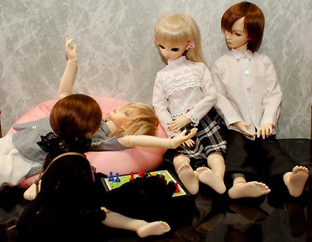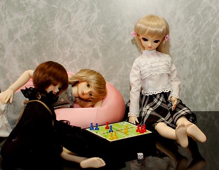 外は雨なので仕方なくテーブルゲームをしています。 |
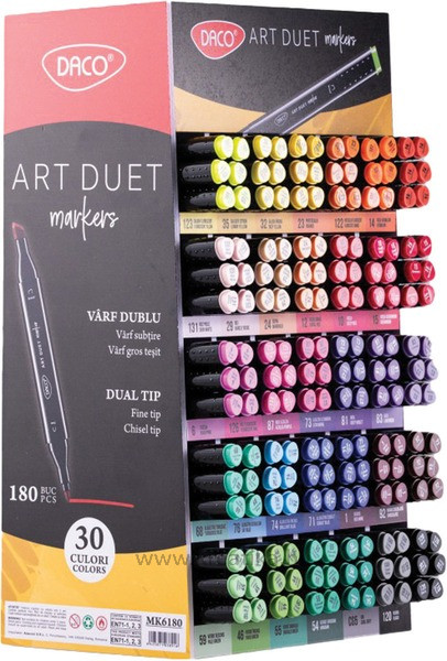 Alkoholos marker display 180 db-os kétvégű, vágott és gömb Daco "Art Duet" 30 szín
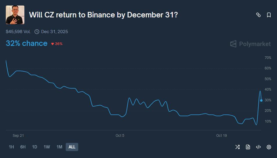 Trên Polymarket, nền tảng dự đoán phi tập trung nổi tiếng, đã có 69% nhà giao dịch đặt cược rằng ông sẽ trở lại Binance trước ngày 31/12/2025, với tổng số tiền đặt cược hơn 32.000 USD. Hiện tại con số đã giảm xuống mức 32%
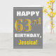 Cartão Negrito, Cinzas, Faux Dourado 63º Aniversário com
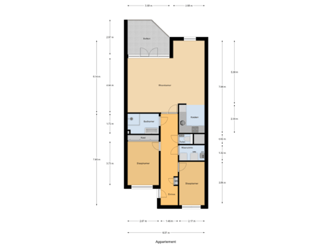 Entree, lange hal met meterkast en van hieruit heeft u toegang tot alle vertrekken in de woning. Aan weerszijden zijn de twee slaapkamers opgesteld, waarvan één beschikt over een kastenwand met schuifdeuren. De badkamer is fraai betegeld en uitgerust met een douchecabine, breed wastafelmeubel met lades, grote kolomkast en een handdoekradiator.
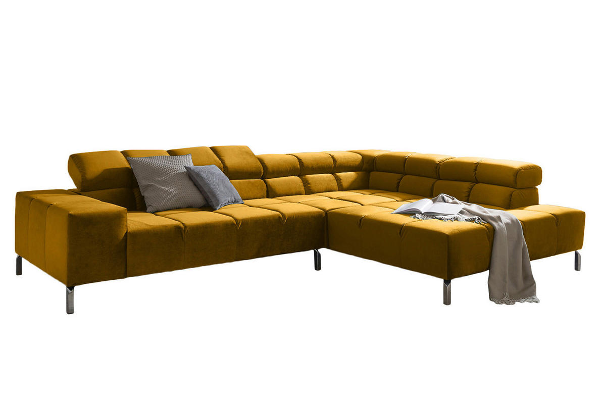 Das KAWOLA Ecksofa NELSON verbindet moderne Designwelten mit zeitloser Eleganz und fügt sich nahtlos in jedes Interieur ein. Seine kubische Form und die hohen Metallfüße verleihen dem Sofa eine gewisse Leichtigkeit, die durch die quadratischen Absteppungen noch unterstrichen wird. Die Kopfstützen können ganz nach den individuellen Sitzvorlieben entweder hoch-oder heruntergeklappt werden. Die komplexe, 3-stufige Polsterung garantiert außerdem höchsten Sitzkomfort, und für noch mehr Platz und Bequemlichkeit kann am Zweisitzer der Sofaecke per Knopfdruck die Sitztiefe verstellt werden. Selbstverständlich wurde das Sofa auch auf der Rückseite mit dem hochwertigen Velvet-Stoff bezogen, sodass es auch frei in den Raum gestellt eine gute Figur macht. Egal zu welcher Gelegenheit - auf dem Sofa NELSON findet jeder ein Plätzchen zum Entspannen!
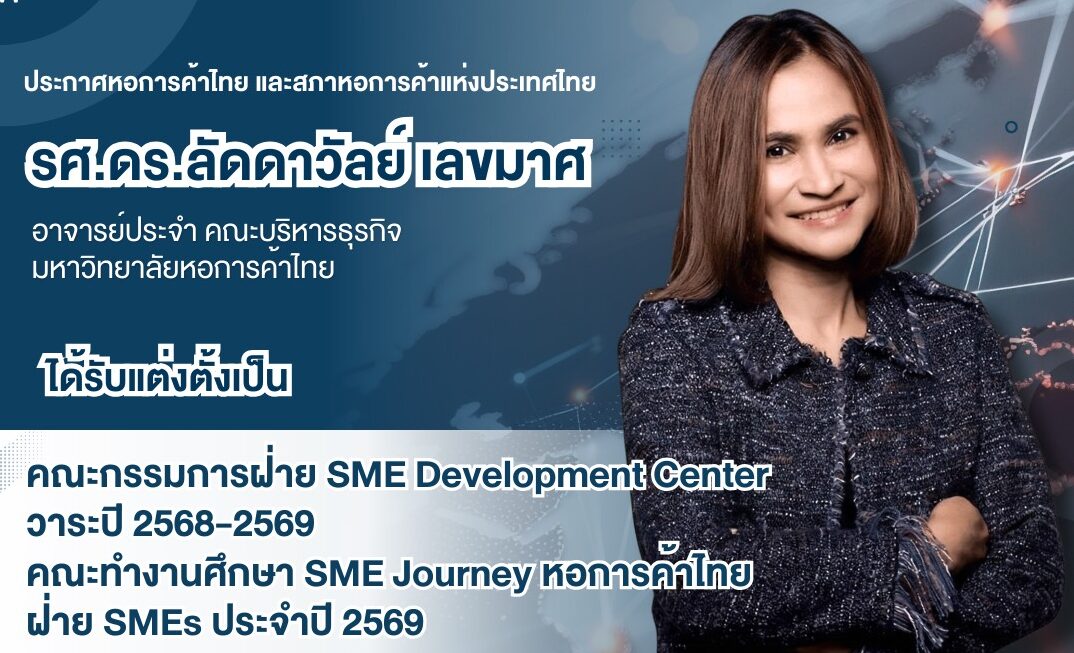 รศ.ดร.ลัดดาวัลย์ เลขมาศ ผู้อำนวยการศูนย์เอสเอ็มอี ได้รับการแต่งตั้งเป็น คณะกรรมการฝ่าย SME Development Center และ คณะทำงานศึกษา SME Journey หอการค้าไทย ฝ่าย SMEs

_Problem description_: Within the listing above, the stretch from the line with "Alkoholos marker display" down to the line with "Cartão Negrito, Cinzas, Faux" is to be given again exactly, end lines included and pictures excluded.

_Your solution_:
 Alkoholos marker display 180 db-os kétvégű, vágott és gömb Daco "Art Duet" 30 szín
 Trên Polymarket, nền tảng dự đoán phi tập trung nổi tiếng, đã có 69% nhà giao dịch đặt cược rằng ông sẽ trở lại Binance trước ngày 31/12/2025, với tổng số tiền đặt cược hơn 32.000 USD. Hiện tại con số đã giảm xuống mức 32%
 Cartão Negrito, Cinzas, Faux Dourado 63º Aniversário com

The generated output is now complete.